INPUT FOR THIS TASK:
|---|
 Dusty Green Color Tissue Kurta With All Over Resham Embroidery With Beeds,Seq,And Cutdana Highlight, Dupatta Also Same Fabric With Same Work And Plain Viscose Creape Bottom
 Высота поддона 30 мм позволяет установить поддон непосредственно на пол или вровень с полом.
|---|
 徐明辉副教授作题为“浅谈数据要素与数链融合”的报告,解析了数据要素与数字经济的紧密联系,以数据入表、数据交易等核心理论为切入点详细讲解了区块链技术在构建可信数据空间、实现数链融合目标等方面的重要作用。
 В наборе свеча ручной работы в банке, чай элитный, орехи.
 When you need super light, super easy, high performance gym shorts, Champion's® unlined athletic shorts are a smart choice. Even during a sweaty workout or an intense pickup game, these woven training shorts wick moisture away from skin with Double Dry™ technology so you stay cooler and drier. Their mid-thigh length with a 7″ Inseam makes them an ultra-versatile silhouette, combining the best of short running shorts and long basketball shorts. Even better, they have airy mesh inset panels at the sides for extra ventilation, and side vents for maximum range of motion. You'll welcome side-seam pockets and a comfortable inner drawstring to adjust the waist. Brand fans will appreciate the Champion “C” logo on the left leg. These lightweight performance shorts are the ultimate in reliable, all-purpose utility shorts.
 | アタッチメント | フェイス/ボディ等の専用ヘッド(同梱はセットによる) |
|---|
There is a run of lines above from the one with "Dusty Green Color" to the one with "Высота поддона 30"; print exactly that run, both ends included, and nothing else.

OUTPUT FOR THIS EXERCISE:
 Dusty Green Color Tissue Kurta With All Over Resham Embroidery With Beeds,Seq,And Cutdana Highlight, Dupatta Also Same Fabric With Same Work And Plain Viscose Creape Bottom
 Высота поддона 30 мм позволяет установить поддон непосредственно на пол или вровень с полом.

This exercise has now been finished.